We are in the process of making a sequel to our rap video with staff from all areas of the hospital--trying to create a positive emotional contagion--saying, "HAC NO" (not "heck no," get it?) when asked if they would cause a HAC.

But we are not only relying on a fun video and a catchy slogan to reduce our HACs; we're also giving our staff tools to do so.

Over the last six months we initiated Six Sigma Black Belt projects to reduce our fall risk, improve pain management and reduce CLABSIs (central line-associated bloodstream infections). Even before that, we developed our STOP CAUTI initiative to reduce catheter-associated urinary tract infections by empowering our nurses to remove Foley catheters that are no longer medically necessary, and our "Increasin' C. Dif is No Myth" initiative to lower the risk of hospital-acquired clostridium difficile colitis.

It has been most satisfying to see our efforts are being rewarded with decreasing HAC trends.

Also during this time we adopted the American Board of Internal Medicine Foundation's "Choosing Wisely" philosophy. We "Crousified" it, and as a result, we reduced our lab usage by many thousands of tests and saved the hospital more $100,000 dollars, compared with the prior year. We also reduced our blood utilization and saved more $400,000, all while caring for equally ill patients and not increasing our length of stay or readmission rates.

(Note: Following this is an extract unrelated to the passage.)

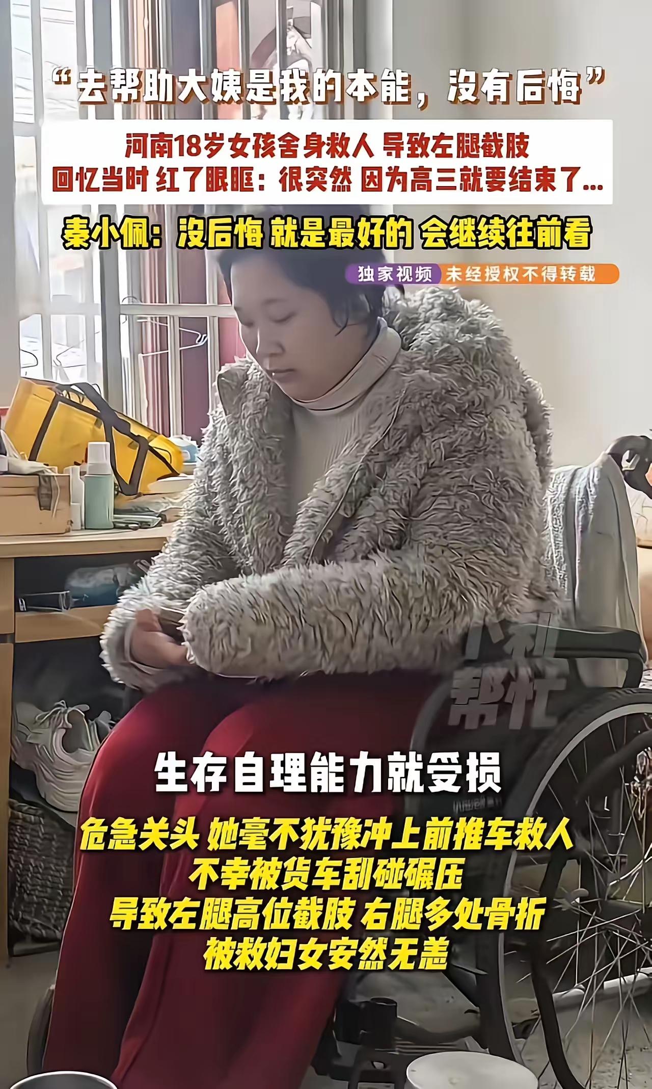 一条腿换一条命,18岁河南女孩的无悔抉择 2025年3月7日,河南上蔡县崇礼汽车站的夕阳,本该是高三学子秦小佩备考日常里最寻常的一抹暖光。那天她刚放学,背着塞满模拟卷的书包站在路边等父亲,影子被夕阳拉得很长,满心都是即将到来的高考和考上北师大当老师的梦想 。可一阵刺耳的刹车声,瞬间撕碎了这份平静,也改写了她的人生轨迹。 前方,一名妇女推着电动三轮车躲避驶来的载重货车,本想奋力将车推上坡道避险,三轮车却失控反向下滑,直直冲向货车车轮 。千钧一发之际,秦小佩脑子里“嗡”的一声,所有关于高考、学业的念头都被抛到九霄云外,只剩下救人的本能。她猛地扔下书包,像离弦的箭般冲过去,双手死死扣住三轮车后座,拼尽全身力气往前推,嘶吼着让妇女快躲开。 碰撞声轰然响起,巨大的冲击力将三轮车撞飞,秦小佩来不及躲闪,被狠狠掀翻在地。货车右后轮重重碾过她的双腿,剧痛席卷全身,她瞬间失去了意识 。等再次醒来,白色的病房、刺鼻的消毒水味,以及医生那句“左腿高位截肢,右腿四处粉碎性骨折”,成了她不得不面对的现实 。而那个被她救下的妇女,安然无恙 。 回忆起当时的情景,秦小佩的眼眶不自觉泛红。“高三就要结束了,我还想考大学呢。现在截肢了,走路、生活都受影响,说不难过肯定是假的。”可话音刚落,她的眼神便变得无比坚定,“但一条腿换一条命,我没有后悔,去帮助大姨是我的本能,我会继续往前看!” 这份坦然与坚韧,早已刻进她的骨子里。秦小佩出生在秦庄村一个贫寒家庭,自幼由奶奶抚养长大,奶奶去世后,便与父亲秦国喜相依为命 。生活的拮据从未让她抱怨命运,反而让她比同龄人更懂事、更坚强。出事前,她省吃俭用,舍不得买新衣服,却把攒下的零花钱全用来买辅导书,一心朝着教师梦努力。 意外发生后,她经历了7次手术,在病床上躺了五个多月,又用近七个月时间做康复训练。父亲看着她承受的痛苦,满心愧疚与心疼,可秦小佩从未在家人面前沉溺于悲伤。2025年6月,高考如期而至,她坐着轮椅,忍着伤口的剧痛走进考场,最终考出384分 。虽然没能如愿踏入大学校门,但她没有放弃,在家坚持自学,从未熄灭对知识的渴望。 命运以痛吻她,她却报之以歌。2025年12月,秦小佩被评为上蔡县“见义勇为先进个人” ;2026年3月,中央政法委发布2026年第一季度见义勇为勇士榜,全国64位勇士中,河南仅3人上榜,18岁的她是其中最年轻的一位。荣誉加身,她依旧谦逊,只说自己做了该做的事 。 2026年4月1日,距离高考仅剩两个月,秦小佩重返阔别一年的校园。学校为她腾出一楼宿舍,配备独立洗漱间,免去她行动不便的困扰;同学们自发成立“护学小组”,轮流帮她打饭、拿书、推轮椅;教室黑板上,“欢迎小佩回家”五个大字格外醒目。走进教室的那一刻,秦小佩笑着说:“我的人生又开始了。” 她的事迹传开后,网友们议论纷纷。有人心疼她的遭遇,感慨“勇敢的代价太大”;有人呼吁大学破格录取,认为她在人性考场上早已交出满分答卷;也有人质疑她“太冲动”,觉得“不值得”。 可正如人们所说,秦小佩冲上去的那一刻,没有权衡利弊,没有计算得失,只是出于最纯粹的善良与本能。如果每个人都要先算清楚“值不值”再伸手,这个世界便会失去最珍贵的温度。她失去了一条腿,却站得比谁都挺拔;她暂时没能考上大学,却用行动通过了人生最重要的考试。 真正的教育,从来不止是传授知识,更是教人在危难时刻敢于挺身而出。秦小佩用18岁的担当,诠释了善良的模样;用残缺的身躯,走出了令人仰望的高度。她不需要同情,只值得我们每一个人致敬——致敬这份义无反顾的勇敢,致敬这份向阳而生的坚韧。

In Rocky III, Clubber Lang (Mr. T.) predicted "pain" when asked what Rocky could expect during their bout. Some organizations also may predict pain when trying to institute elements of the Affordable Care Act. At Crouse Hospital, we've gone "FISH-ing" to try to take the pain out of adapting to healthcare reform, which makes me want to predict success.

Mickey Lebowitz, M.D., is an endocrinologist and internal medicine physician who currently serves as senior medical quality director for Crouse Hospital in Syracuse, N.Y. He also is the author of "Losing My Patience: Why I Quit the Medical Game," published in 2009.